Красильников не успел ответить. В дверь постучали, и он торопливо нырнул в свою каморку.
В мастерскую вошла старуха. Долго шаркала на пороге старыми ботинками, поставила на стол свою ношу.
— Может, я не до вас? — простуженным голосом спросила она, разворачивая укутанный в мешковину самовар. — Не сможете запаять?
Миронов коротко взглянул на укутанную в семь одежек старуху, стал рассматривать самовар. Был он необычный, не тот стандартный тульский, которыми была наводнена Россия, а небольшой, изящный, похожий на графин. Такие Тула выпускала только на заказ.
— Сожалею, но пока не смогу вам помочь. Зайдите через пару дней, — сказал Миронов. — Мы только открылись. Ни олово, ни кислоту ещё не успели завезти. Да и паяльная лампа нужна.
— Понимаю: первый день, — согласилась старуха, но уходить не собиралась. — Вы и в замках разбираетесь?
— Я в них-то только и разбираюсь. Пайка самоваров, это так, мой побочный приработок. А что у вас за замок? — подозревая, что речь пойдет о сейфовом, спросил Миронов.
— В скрыне замок спортился. Еще мамкина скрыня, в приданое мне досталась. Такой хороший замок! Открываешь, в он звоночками шо-то такое веслое грает. А года два назад… чи три… В позапрошлом годе на Пасху открываю, а в ём шо-то хрустнуло, и он замолчал. С тех пор молчит. Нельзя его вам принести?

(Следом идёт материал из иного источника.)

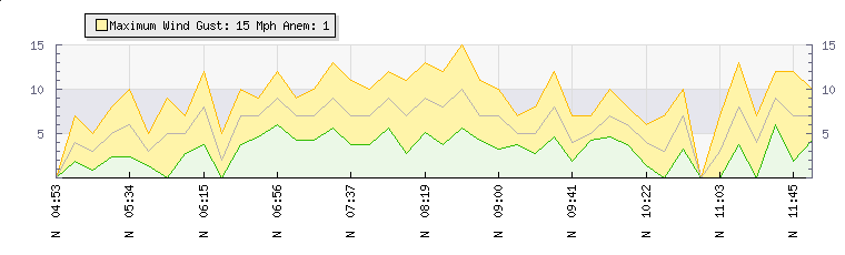 In the last few minutes the wind was Northerly at an average speed of 7 mph, reaching up to 10 mph and a low of 5 mph. The gust strength is5 mph above the minimum speed |

— А вы сможете его вынуть?
— Я — нет. А сын выймет.
— Приносите, посмотрю. Сумею — вылечу.
Старуха стала заворачивать самовар, но затем вдруг спросила:
— А, может, я у вас его оставлю? Шоб до дому не нести.
— Оставляйте. Место не залежит, — согласился Миронов.
И старуха пошаркала по коридору.
Красильников снова появился из своей каморки.
— Старуха с самоваром… — небрежно бросил Миронов и затем спросил: — Все же надеетесь?
— День-два подождём. Должны бы объявиться, — сказал Красильников и, после коротких раздумий, добавил: — Если, конечно, в другие края не отправились.
— А, может, они в Феодосии и вовсе не бывают?
— И это возможно, — угрюмо согласился Красильников. — Самое паршивое дело: ждать, искать и догонять.
Они еще не знали, что события уже начали разворачиваться.
Когда старуха вышла из мастерской и пошаркала по Базарной площади, мальчишки долго смотрели на витринное окно. Видели двух сидящих мужчин. Один из них был им знаком: он утром «от пуза» накормил их и обещал еще. Но сигнала он не подавал. Может, забыл о них? Или не видел?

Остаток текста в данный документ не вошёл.